A syllable based Chinese synthesis system
Autoři
Více o knize
The automatic conversion from written text into spoken language (text-to-speech or TTS synthesis) shows growing importance in human-computer interaction. At the Dresden University of Technology, a multilingual TTS system called DreSS (Dresden Speech Synthesis) was developed. This thesis describes the development of the Mandarin Chinese component of DreSS. For this purpose, syllables are excised from spoken utterances and are connected to form the desired speech signal. This involves two major research topics: the definition of the inventory structure and the control of the prosodic parameters. In order to produce a high naturalness in the synthesis, two new approaches have been applied. The first is the construction of a coarticulation-oriented inventory to model the coarticulatory effects that cross syllable boundaries. The second is the superposition of a rule-based sentence intonation with the inherent tone structures to maintain the natural tone contours of Chinese syllables.
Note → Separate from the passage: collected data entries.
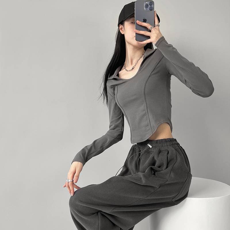 美式洋气甜辣设计感短款上衣女春高级感鱼尾修身辣妹内搭小众t恤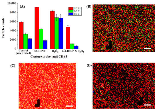 Tetraspanin characterization of HDPC-derived exosomes after H2O2 or H2O2/GA-IONP treatment on anti-CD63 capture spots. (A) Number and ratio of dye-tetraspanin-labeled exosomes and FL images of (B) control (non-treated), (C) H2O2-stimulated group, and (D) H2O2/GA-IONP-treated group. The scale bar was 20 μm.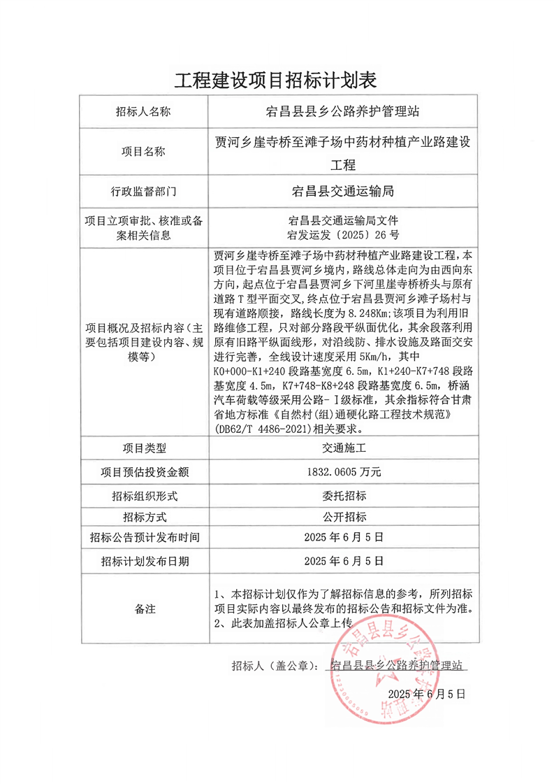 賈河鄉(xiāng)崖寺橋至灘子場中藥材種植產(chǎn)業(yè)路建設(shè)工程
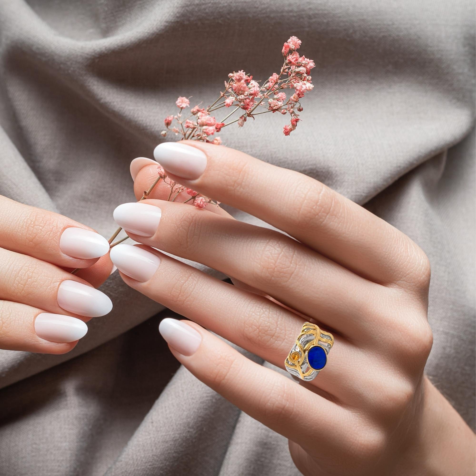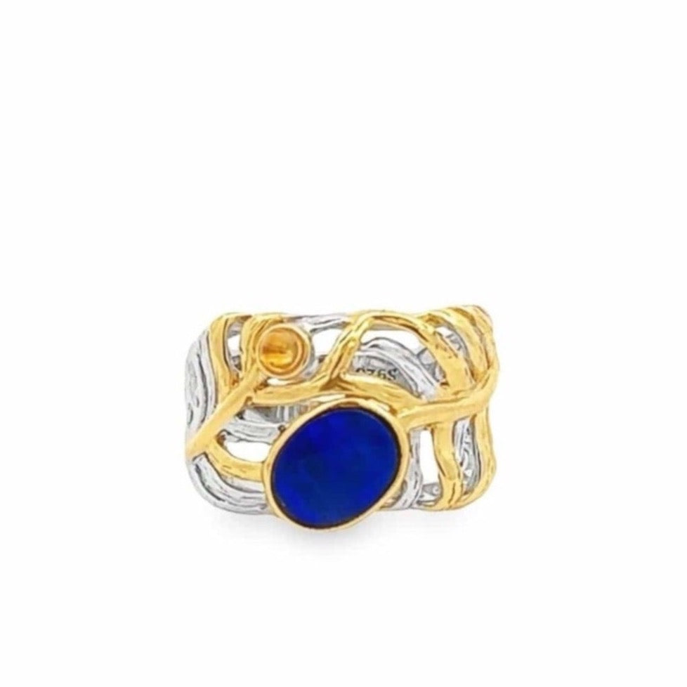 Baikalla Antique Natural Lapis and Agate Sterling Silver Gold Plated Two Tone Ring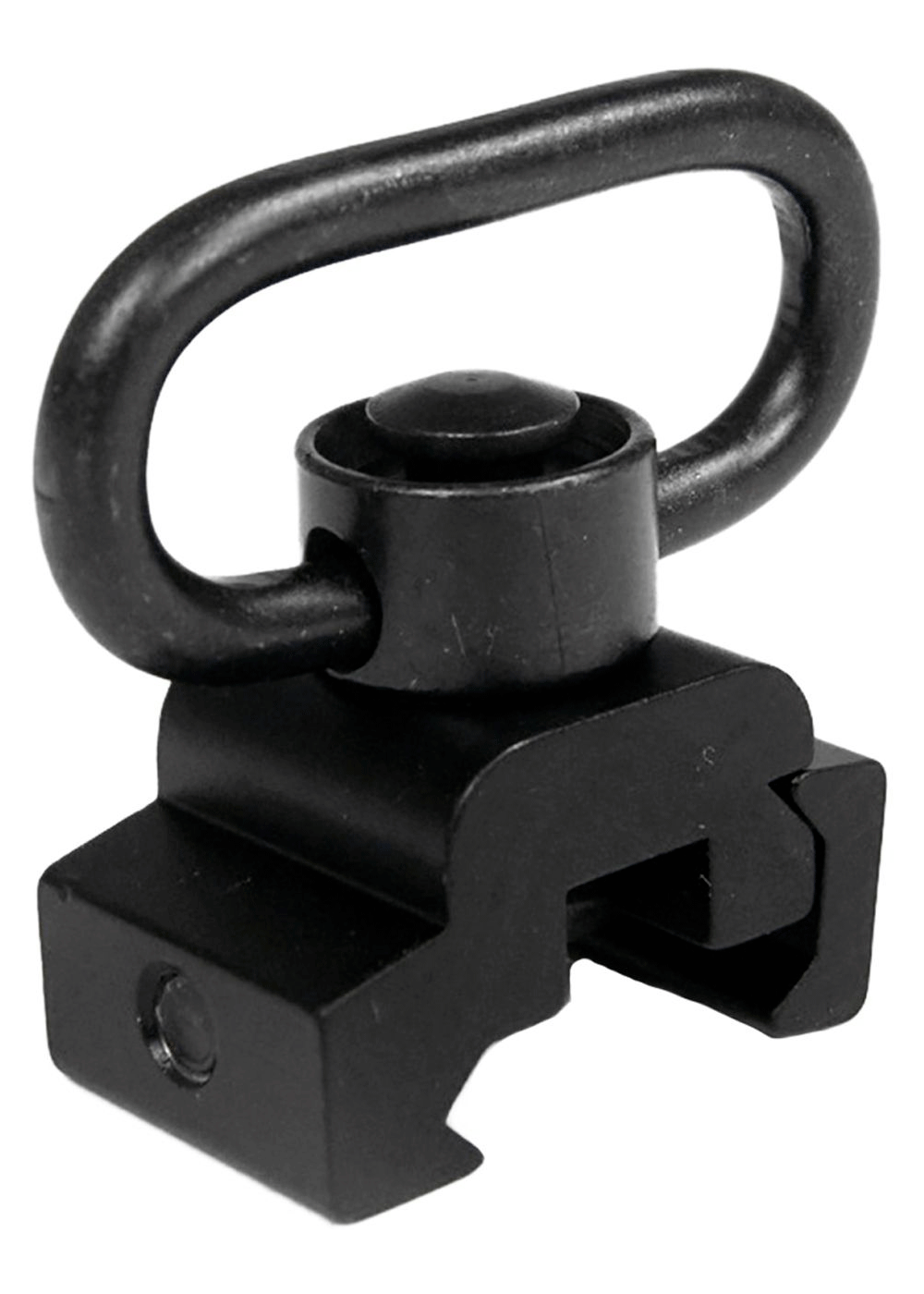 Рассматриваемая QD антабка состоит из двух деталей - основания, крепящегося на планку и непосредственно 35-ти миллиметрового кольца, через которое продевают ленту ремня. Элементы соединены посредством паза, в котором происходит распирание металлических шаров после установки элемента с кольцом. Последние удерживаются до момента нажатия кнопки, которое позволяет разъединить узлы.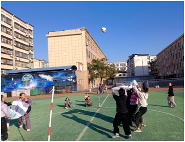 随着哨声响起,比赛正式开始。“快,再抬高一点!”“稳住,别让球掉了!”各组队员默契配合,原本柔软的床单在众人合力下变得“有力”,排球在床单间来回穿梭。当床单松动、排球落地时,学生也亳不气馁,笑着总结经验,重新上阵;当四人小组偶尔接住传过来的球时,整个小组喜气洋洋,周围也传来阵阵喝彩声。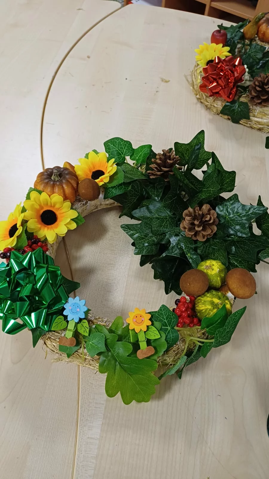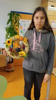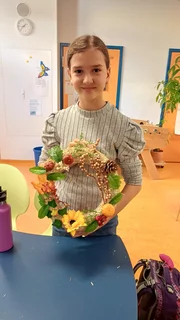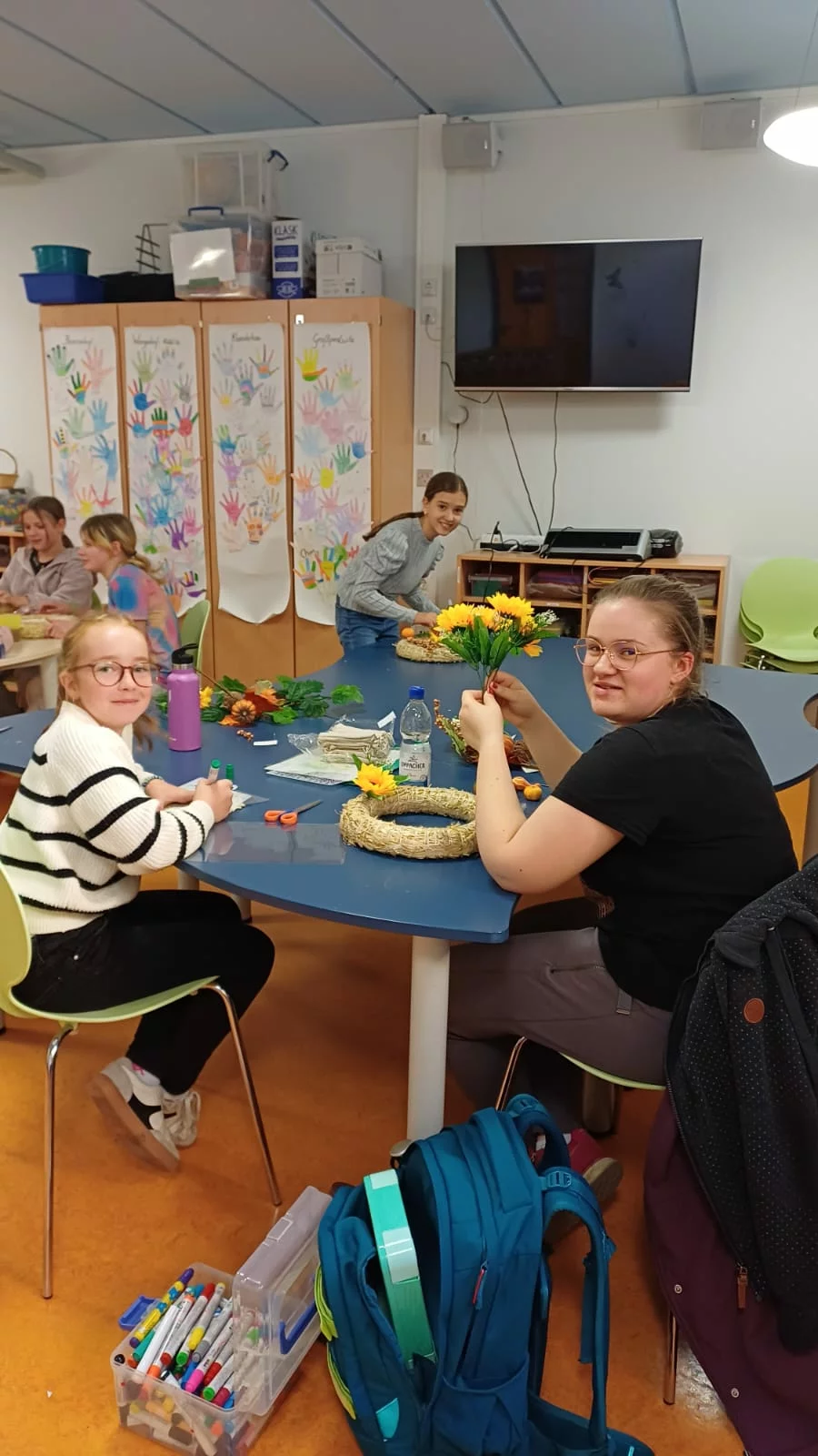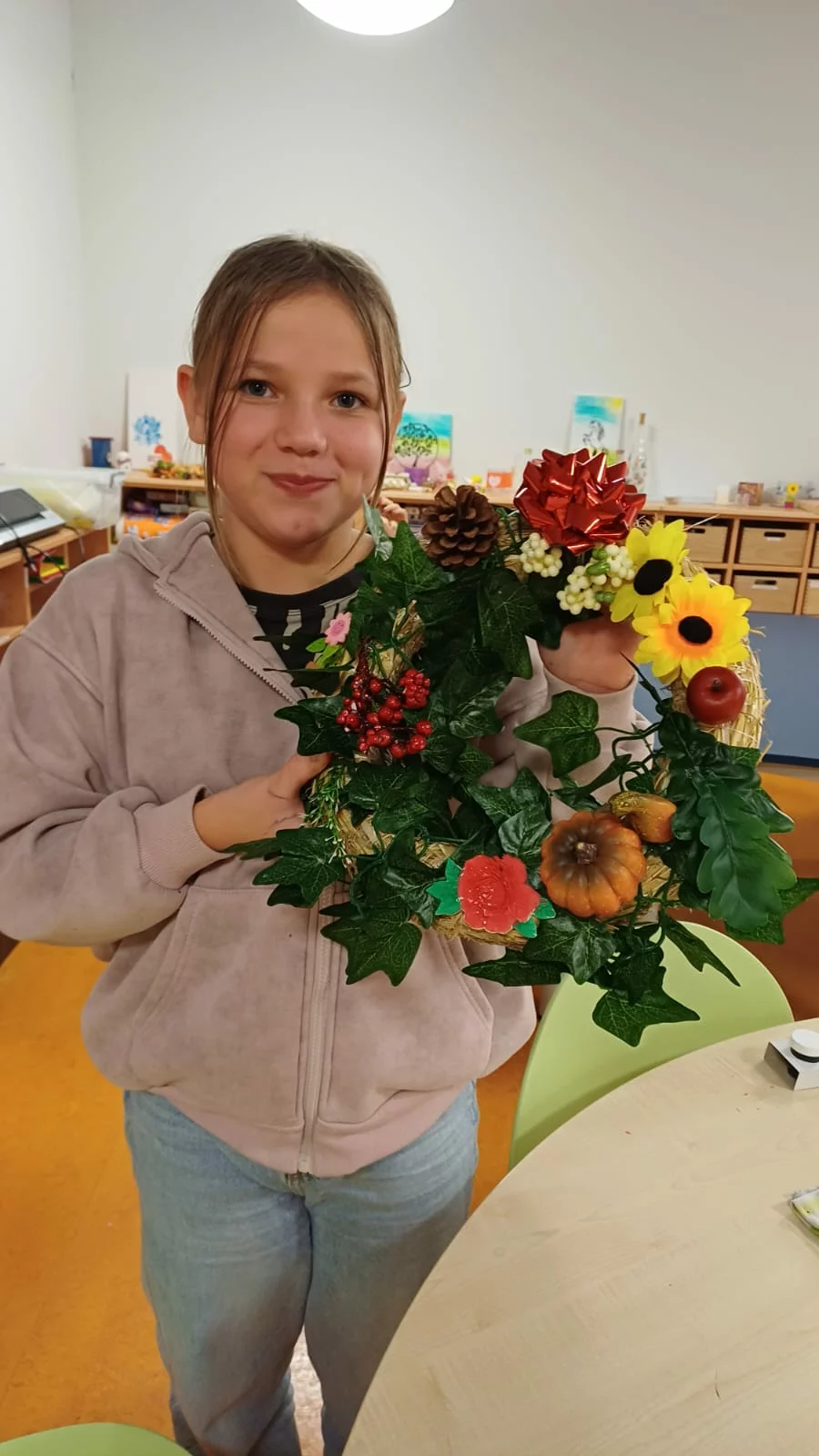Einmal im Monat findet im Schulclub ein zusätzliches Nachmittagsangebot statt. Im Oktober 2025 war es das Herbstbasteln. Unter Anleitung der Clubleiterin Frau Kiehne gestalteten 12 Kinder und Jugendliche kreativen Herbstschmuck wie Türkränze und bedruckten Beutel mit Herbstblättern. Dabei entstanden großartige Kunstwerke, wie man auf den Bildern sehen kann.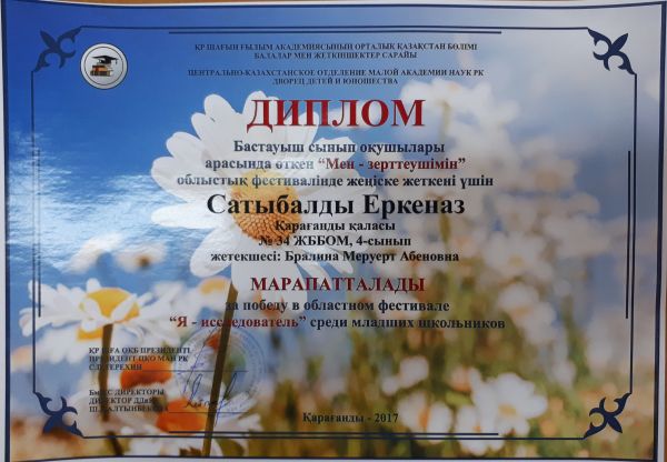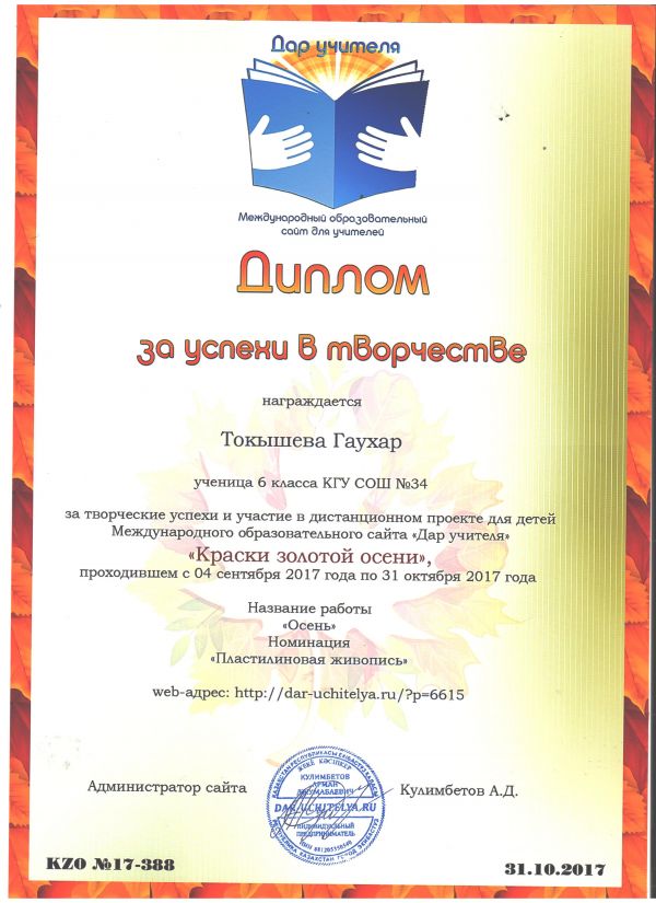 Учащиеся СОШ №34 Жмак Анна, Ивченко Олеся и Токышева Гаухар принимали участи в международном ворческом конкурсе "Краски золотой осени" и были отмечены грамотами за лучшие работы. Поздравля…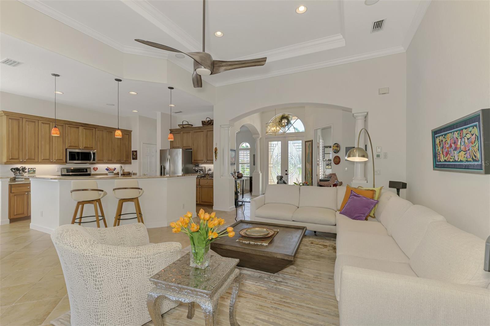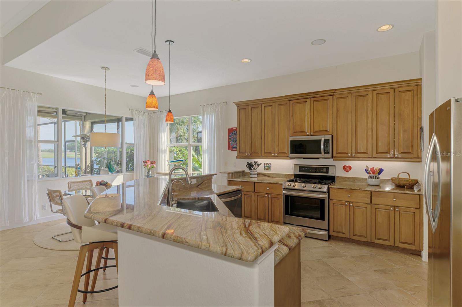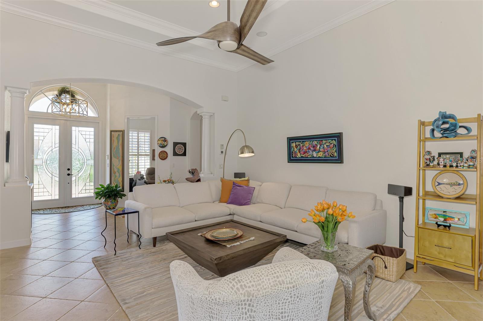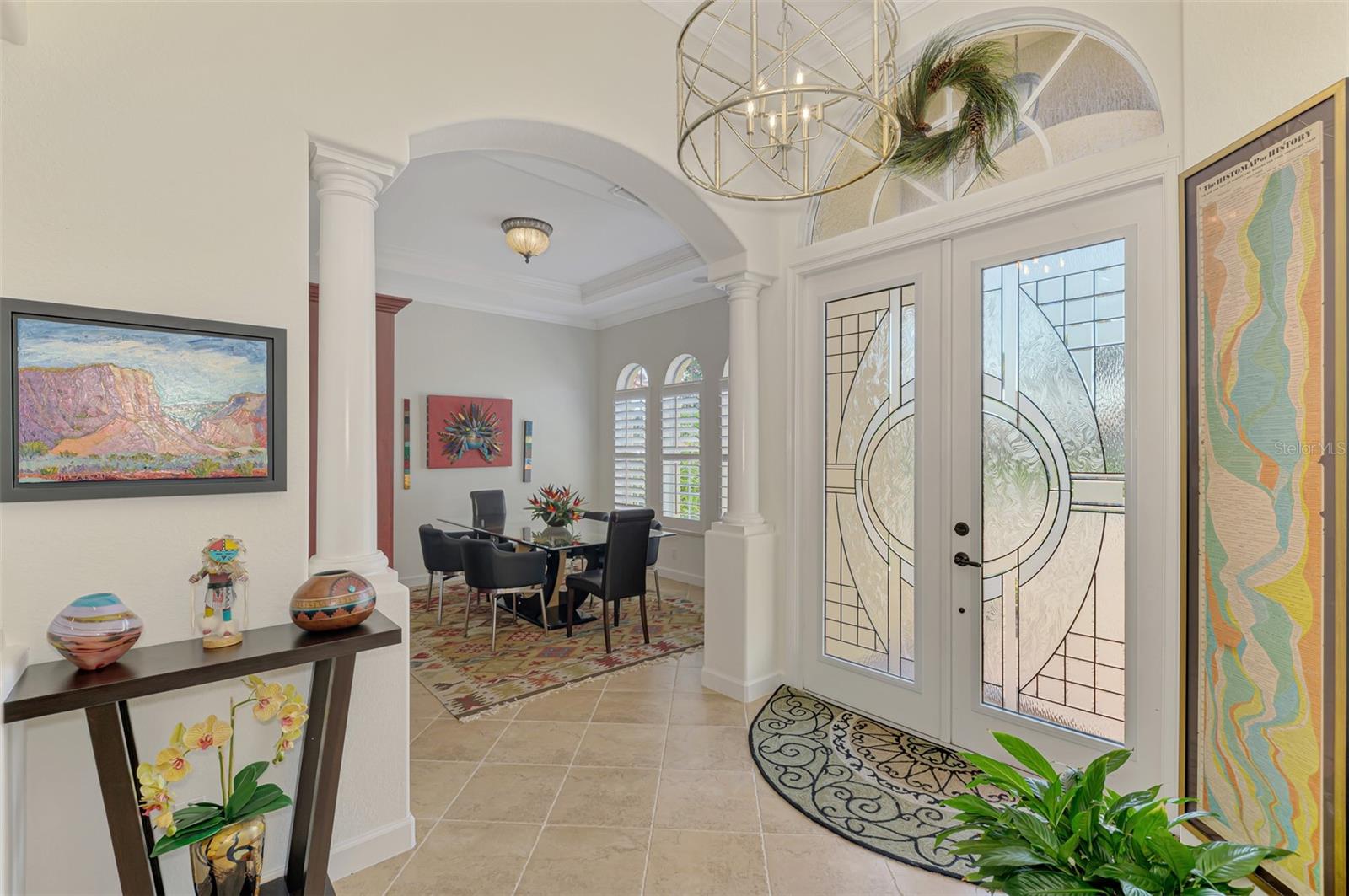 INCREDIABLE NEW PRICE for this lovely home with beautiful panoramic waterviews at the sought after Venentian Golf and River Club where golf is NOT mandatory. This luxurious quality built home by WCI is the Vecellio Model which has a timeless floor plan with high ceilings, crown moldings and IMPACT windows with lots of natural light bringing the outside in. As soon as you walk through the NEWER HURRICANE glass front doors you are captured by waterveiws. The Great Room and Dinette area are opened to the spacious island kitchen with NEWER granite countertops, sink, faucet and pendant lighting making it ideal for entertaining. There is a formal dining room and Study with french doors. The desirable split floor plan creates ultimate privacy for the primary bedroom and the additional guest bedrooms. The primary bedroom has sliders to the lanai, two walk--in closets, separate vanities, tub and shower. There is a full bath and half bath for guests. This model offers a spacious lanai with a sitting area and also a dining area. The orientation of the lanai is Southeast which is perfect keeping the lanai shaded with those gulf breezes while the sun is on the pool. There is a NEWER pump and pool bars There is a NEWER remote Kevlar Hurricane Screen making it seamless to operate when you desire. There are many other newer improvements which include landscaping, outdoor lighting, some indoor lighting, plantation shutters and hot water heater and more. The Venetian Golf and River Club (golf not mandatory) offers a Champion Golf course which is an optional membership, Resort Style Pool, Lap Pool, Fitness Center, Tennis Courts, Tiki Bar and Fine Dining and Social Events. Minutes to Nokomis Beach and Downtown Venice, I75 and Sarasota Memorial. This Special Gated Community has so much for the residences and is the Perfect place to call home or for a winter get away!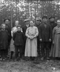 Olga ja Heikki Jokela sekä perhe. Edessä vas. Paavo, Olga, Kerttu ja Alpo Jokela. Vas takana. Eino Myllyaho, Tauno Jokela, Artturi Jokela, Heikki Jokela ja Arvo Jokela. Takana vahtitupa Töysästä Ähtäriin päin.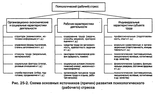 Психологический стресс — это состояние чрезмерной психической напряженности и дезорганизации поведения, которое развивается в результате угрозы или реального воздействия экстремальных факторов социального, психологического, экологического и профессионального характера (рис. 25-2). Анализ психологического стресса требует учета как значимости ситуации для субъекта, так и его личностных характеристик. Стресс в значительной степени является продуктом образа мысли и оценки ситуации, знания собственных возможностей, степени обученности способам управления и стратегии поведения в экстремальных условиях. Психологический стресс представляет собой прежде всего состояние тревоги за жизнь, здоровье, успех, благополучие.

In this way, the concatenation points in the synthesis process have been minimized and the necessary modification in tonal contours has been reduced, which works hand in hand with the concatenation technique to produce a Mandarin Chinese synthesis with high naturalness. Additionally, the two major components in the prosody control of the Mandarin speech synthesis - duration modeling and tonal concatenation - have also been studied in this paper. Natural speech database was employed for the investigation. The statistics, which resulted from the careful analysis, combined with appropriate models for duration and tonal coarticulation lead to further improved performance of the synthesis system.